In order to which, the Apalataean Mountains (though like the prodigious Wall
that divides China and Tartary, they deny Virginia passage into the West
Continent) stoop to your Lordship's Dominions, and lay open a Prospect into
unlimited Empires; Empires that will hereafter be ambitious of subjection to
that noble Government which by your Lordships deep wisdom and providence first
projected, is now established in Carolina; for it will appear that she
flourishes more by the influence of that, than the advantages she derives from
her Climate and Soyl, which yet do render her the Beauty and Envy of
North-America. That all her glories should be seen in this Draught, is not
reasonably to be expected, since she sate to my Author but once, and then too
with a side-face; and therefore I must own it was never by him designed for the
Press, but published by me, out of no other ambition than that of manifesting
to the world, that I am, My Lord,
Your Lordships most humble and obedient Servant,
William Talbot.
Talbot also
wrote –
That a Stranger should presume (though with Sir
William Berkeley's Commission) to go into those Parts of the American Continent
where Englishmen never had been, and whither some refused to accompany him,
was, in Virginia look's on as so great an insolence, that our Traveler at his
Return, instead of Welcome and Applause, met nothing but Affronts and
Reproaches; for indeed it was their part, that forsook him in the Expedition,
to procure him discredit that was a witness to theirs: Therefore no industry
was wanting to prepare Men with a prejudice against him, and this their malice
improved to such a general Animosity, that he was not safe in Virginia from the
outrage of the People, drawn into a persuasion, that the Publick Levy of that
year, went all to the expense of his Vagaries. Forced by this storm into
Maryland, he became known to me, though then ill-affected to the Man, by the
stories that went about of him: Nevertheless finding him, contrary to my
expectation, a modest ingenious person, &a pretty Scholar, I thought it
common Justice to give him an occasion of vindicating himself from what I had
heard of him; which truly he did with so convincing Reason and circumstance, as
quite abolished those former impressions in me, and made me desire this Account
of his Travels, which here you have faithfully rendered out of Latin from his
own Writings and Discourse, with an entire Map of the Territory he traversed,
copied from his own hand. All these I have compared with Indian Relations of
those parts (though I never met with any Indian that had followed a
Southwest-Course so far as this German) and finding them agree, I thought the
Printing of these Papers was no injury to the Author, and might prove a Service
to the Publick.
William Talbot.
We know
John Lederer was commissioned by Governor William Barkeley “to go into those
Parts of the American Continent where Englishmen never had been.” What did Lederer
find on his three journeys?
Lederer's contact the Monacan and
Saponi
The
following is an interesting observation made in Lederer's work. He states;
“The Highlands (in Indian, Ahkontshuck) begin at those
falls, and determine at the foot of the great ridge of Mountains that runs
through the midst of this Continent, Northeast and Southwest, called by the
Spaniards Apalataei, from the Nation Apalakin; and by the Indians, Paemotinck.

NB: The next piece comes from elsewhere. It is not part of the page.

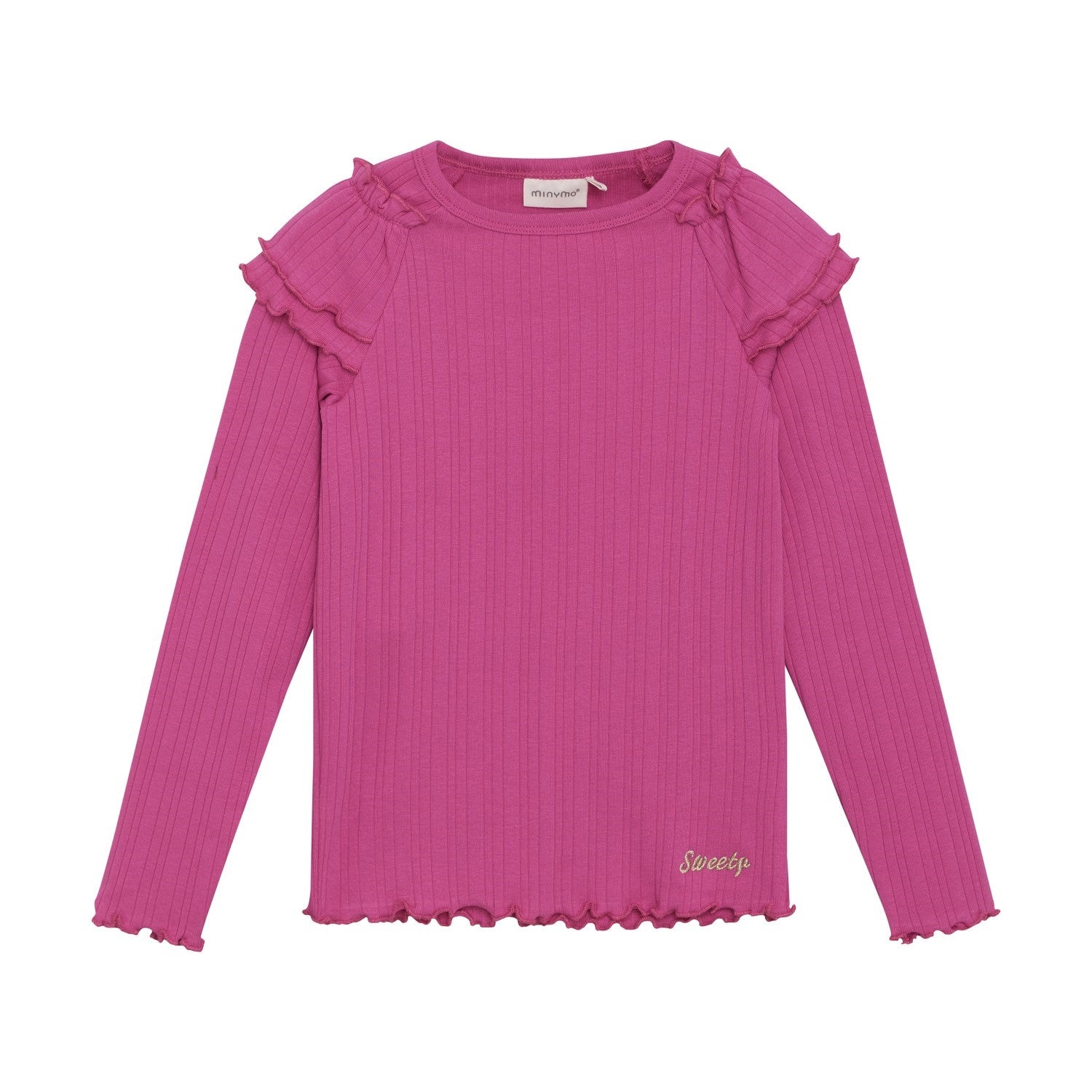 Fuchsia ribbed long sleeve tee with ruffle detailing on the shoulders. A basic that pairs with any style bottom.
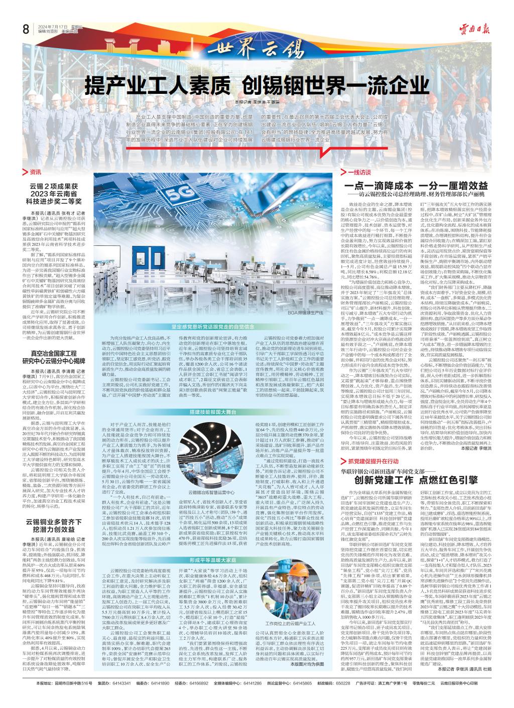“通過黨組織建設,打造一流技術工人隊伍,不斷塑造發(fā)展新動能新優(yōu)勢。”劉俊告訴記者,云錫控股公司不斷健全工人技能培養(yǎng)、使用、評價、激勵制度,打破職稱、收入和上升通道“天花板”,為人人皆可成才、人人盡展其才營造良好環(huán)境。圍繞云錫“3815”戰(zhàn)略和重大戰(zhàn)略、重大工程、重大項目、重點產(chǎn)業(yè),廣泛深入持久開展具有產(chǎn)業(yè)特色、單位特點的勞動競賽,強化集智創(chuàng)新平臺作用發(fā)揮,深化“四技五小兩比”等群眾性技術創(chuàng)新活動,積極承擔錫銦領域戰(zhàn)略性國家重大科技任務,聚力攻關錫銦全產(chǎn)業(yè)鏈關鍵核心技術,推動高水平科技成果轉(zhuǎn)化,助力云錫打造國家錫銦產(chǎn)業(yè)技術創(chuàng)新高地。

According to the best of my observation and conjecture, they lie parallel to
the Atlantick Sea-coast, that bearing from Canada to Cape Florida, Northeast
and Southwest, and then falling off due West as the Mountains do at Sara: but
here they take the name of Suala; Sara in the Warrennuncock dialect being Sara
or Sualy.” This of interest for several reasons. Occasionally you see records
of the various Siouan cities given one name, and at others the same people are
given a different name.”
He speaks
of some mountains called “Ahkontshuck” in “Indian” but the Spanish call them
“Apalataei”. Then in the next sentence he talks about a place called “Sara”,
then says “but here they take the name “Suala” or “Sualy”. This was called by
the Spanish Xualla and Joara. The English in Virginia spoke of the Saura
people, then later in South Carolina they are called “Cheraw”.
Quoting
from Lederer's account;
“These parts were formerly possessed by the Tocci,
alias Dugi; but they are extinct; and the Indians now seated here, are
distinguished into the several Nations of Mahoe, Nuntaneuck, alias Nuntaly,
Nahyssan, Sapon, Managog, Mangoack, Akenatzy, and Monakin, et cetera. One
Language is common to them all, though they differ in Dialects. The parts
inhabited here are pleasant and fruitful, being cleared of Wood, and laid open
to the Sun. The Valleys feed numerous herds of Deer and Elks larger than Oxen:
these Valleys they call Savanae, being Marsh grounds at the foot of the
Apalataei, and yearly laid under water in the beginning of Summer by floods of
melted Snow falling down from the Mountains.”
He talks of
tribes that “are now extinct”, the Tacit and the Dugi. We know the Cherokee
later called the regions west of the Mountains and to their north “a dark and
bloody land”. We know the English found Kentucky virtually uninhabited. We know
there were great cities at one time from Illinois to Ohio that were abandoned.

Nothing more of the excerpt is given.